Dad came home on Tuesday 8th October. For two weeks mother and ourselves cared for Dad at home. This was very much a familial time and a private one in hindsight. Dad was in great form and enjoyed having people visit him daily. Those two weeks and what they entailed will always be special for myself, my siblings, mother, grandchildren, neighbours and family friends. It’s not a time to share the daily routine but it can be said it was a very happy time. We laughed lots with Dad. He made us smile and laugh so much every day.

During that time I would bring work with me for Dad to do – simple tasks like folding paper for children’s workshops I was doing. He enjoyed those simple tasks just us at the kitchen table and him asking how much he was going to get paid. He enjoyed being able to help out in any way he could. And he did. He was a huge help to me. I hate folding paper and yet this simple task was something he enjoyed doing. He was so particular and it gave him a purpose.
Also during this time community and palliative nurses were calling to see to Dad. He really enjoyed those ladies coming in daily. He was such a social person his whole life that this was part of his social life those two weeks. I can never put into words how grateful myself and my family are to those nurses. To say they are and were special is an understatement.
And yet every day of this time I was grieving. I smiled daily and laughed out loud daily with Dad and my family. Yet at night I cried sore. Every day I treasured as my gut was telling me that the future was so uncertain.
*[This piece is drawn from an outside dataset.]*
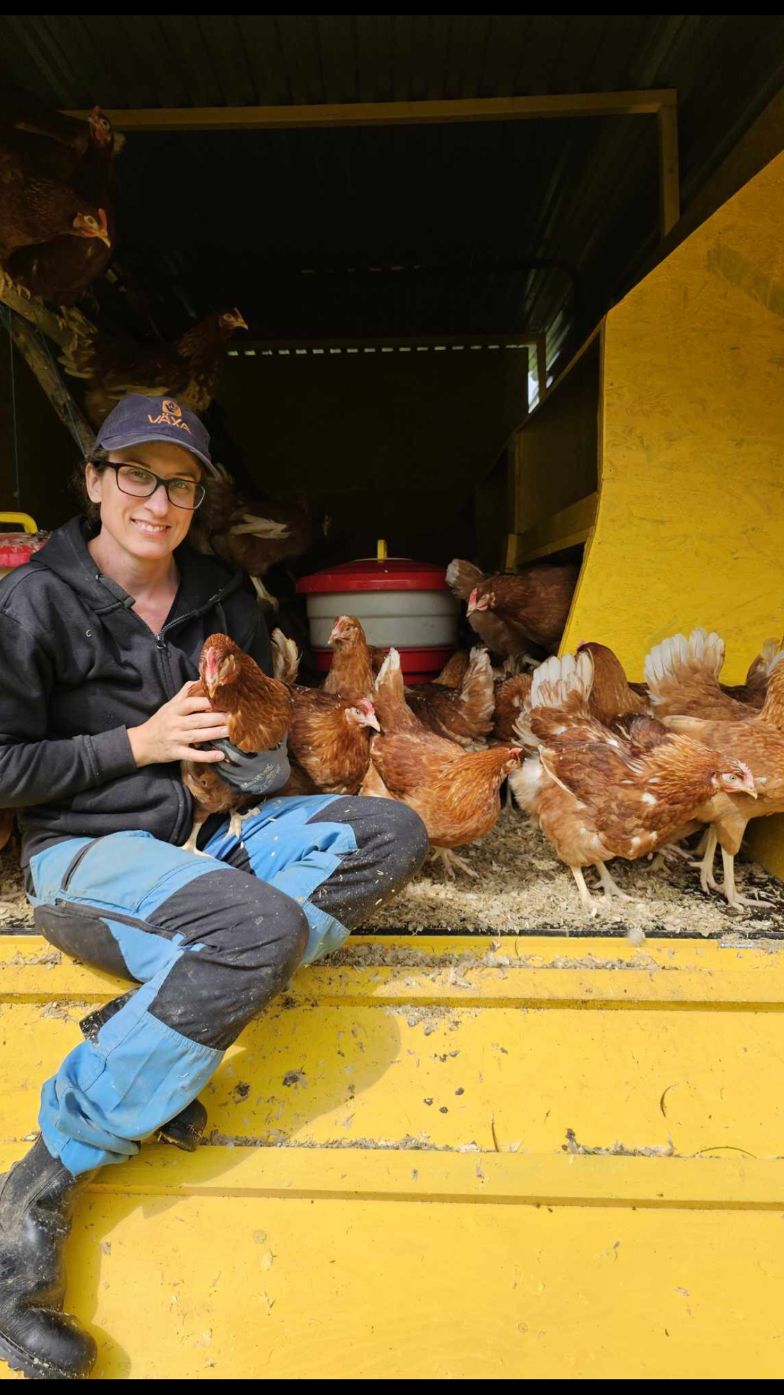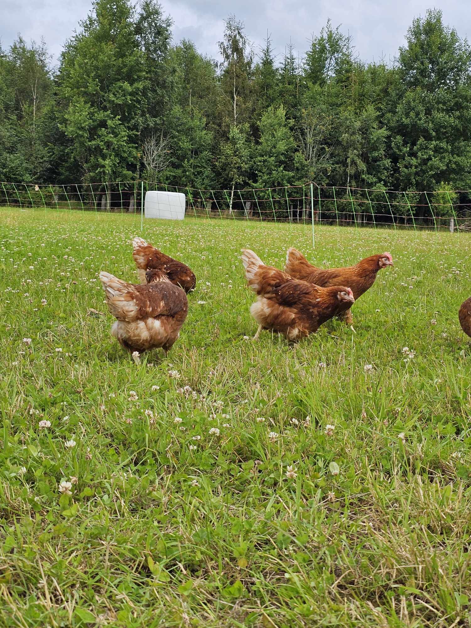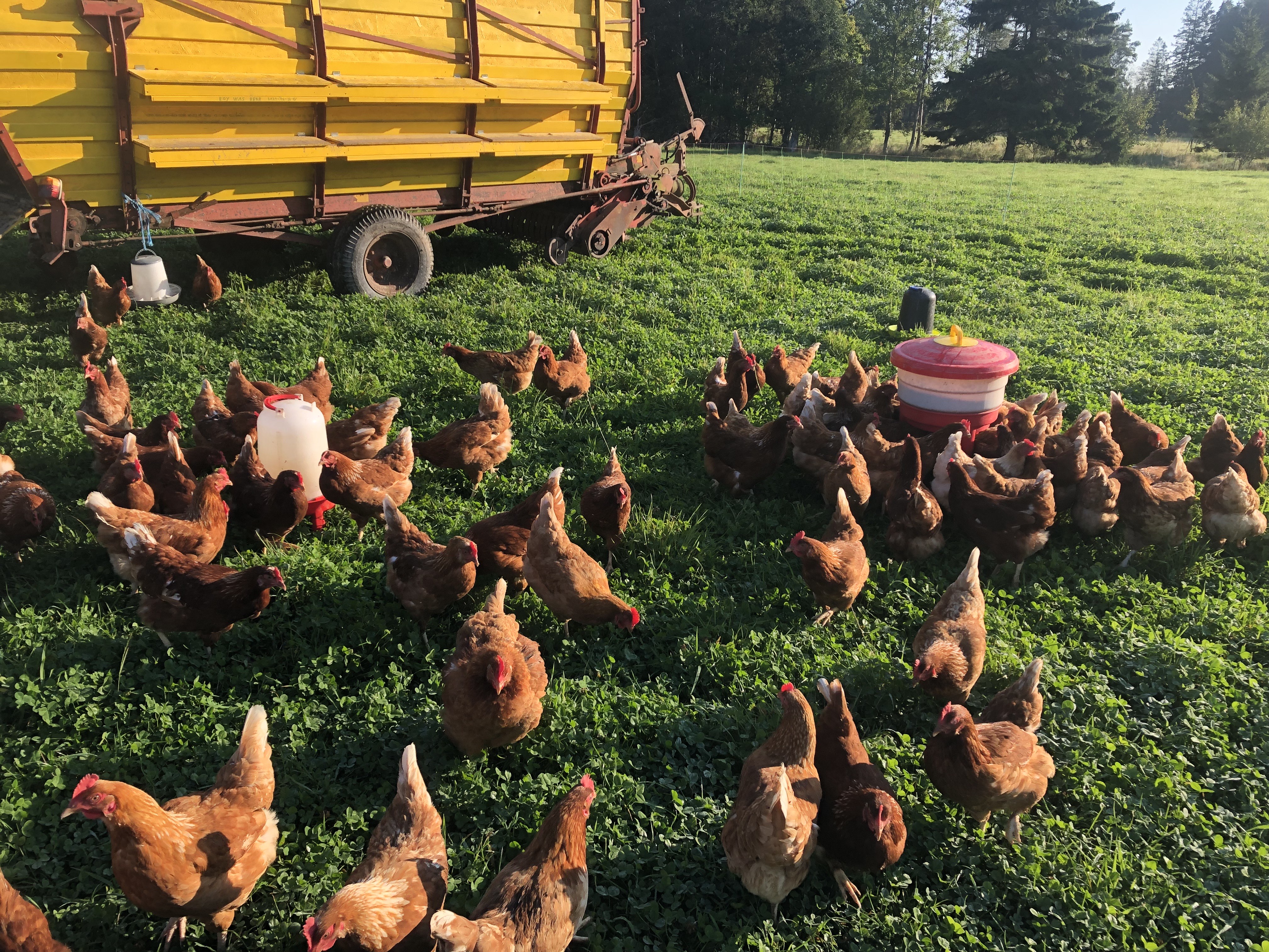 Våra frigående höns går ute som grönbeteshöns under varmare delen av året. (April-nov) De har en hönsvagn de går in i under natten, där de sitter på pinnar och har reden att lägga äggen i. Under dagen är de ute och lever ett härligt hönsliv i sin stora gräshage. När det behövs flyttar vi vagnen och hagen för att de ska få nytt bete. Vi har ca 150 st höns nu i två grupper. De äter svenskt värpfoder från Lantmännen och en massa grönt gräs. Vilket syns för ägg-gulorna blir härligt gyllengula! (Ej fiskmjöl i vårt foder) Under vintern går de inomhus med väl tilltagna ytor, daglig stimuli och lugnt och skönt. Våra höns har ett fritt och härligt liv på vår gård. Ett alternativ om du vill äta schysst producerade ägg istället för storskaligt producerade hönsägg.

After just two weeks at home Dad took unwell very suddenly and was taken back to hospital that Monday night, 21st October. As the ambulance arrived Dad looked at me and said, ‘you’re coming with me, aren’t you?’ There was no need to ask, I was going of course. As Dad and I left my home street that night in the early hours of the Tuesday morning, I knew that Dad wouldn’t be coming home. He sat up chatting to the medical team and laughing and joking. My family saw us off and I knew they didn’t think for a second he wouldn’t be coming home. As we drove to Letterkenny, I cried silent tears. My gut was telling me things I can never explain.
As we drove to the hospital that night I was grieving for the Dad I was losing. Grief for me was well underway. No one told me even at this stage Dad was dying. But my heart had told me weeks ago. And now I knew I was on the road to the end of Dads life, and by his side. Dad was always by my side in everything I did in life. So it was more than fitting that I made this last journey by his side.
The next few days are again familial ones. On Friday night just around dusk, Daddy fell asleep peacefully, surrounded by his family. I, like my family, cried so sore and we had all said our goodbyes. My grieving was well underway and yet the death had just taken place. Grief is so different for everyone and I now know that mine was, and continues to be, unique to me.
It was very fitting that Dad fell asleep forever at dusk. A time of day when we all switch off. The time to settle down for the night. The time to pull the curtains. At dusk Dad pulled the curtains on his life. And a light went out that night at dusk that I will never again turn on. A light that will never again shine.
My heart broke many weeks before that night, but that night it broke into so many pieces that it will never be whole again. I know my life goes on, and my heart will heal, but never will it be whole again.

My journey of grief was about to take me on yet another road. A road I had never envisaged travelling. A road without Dad.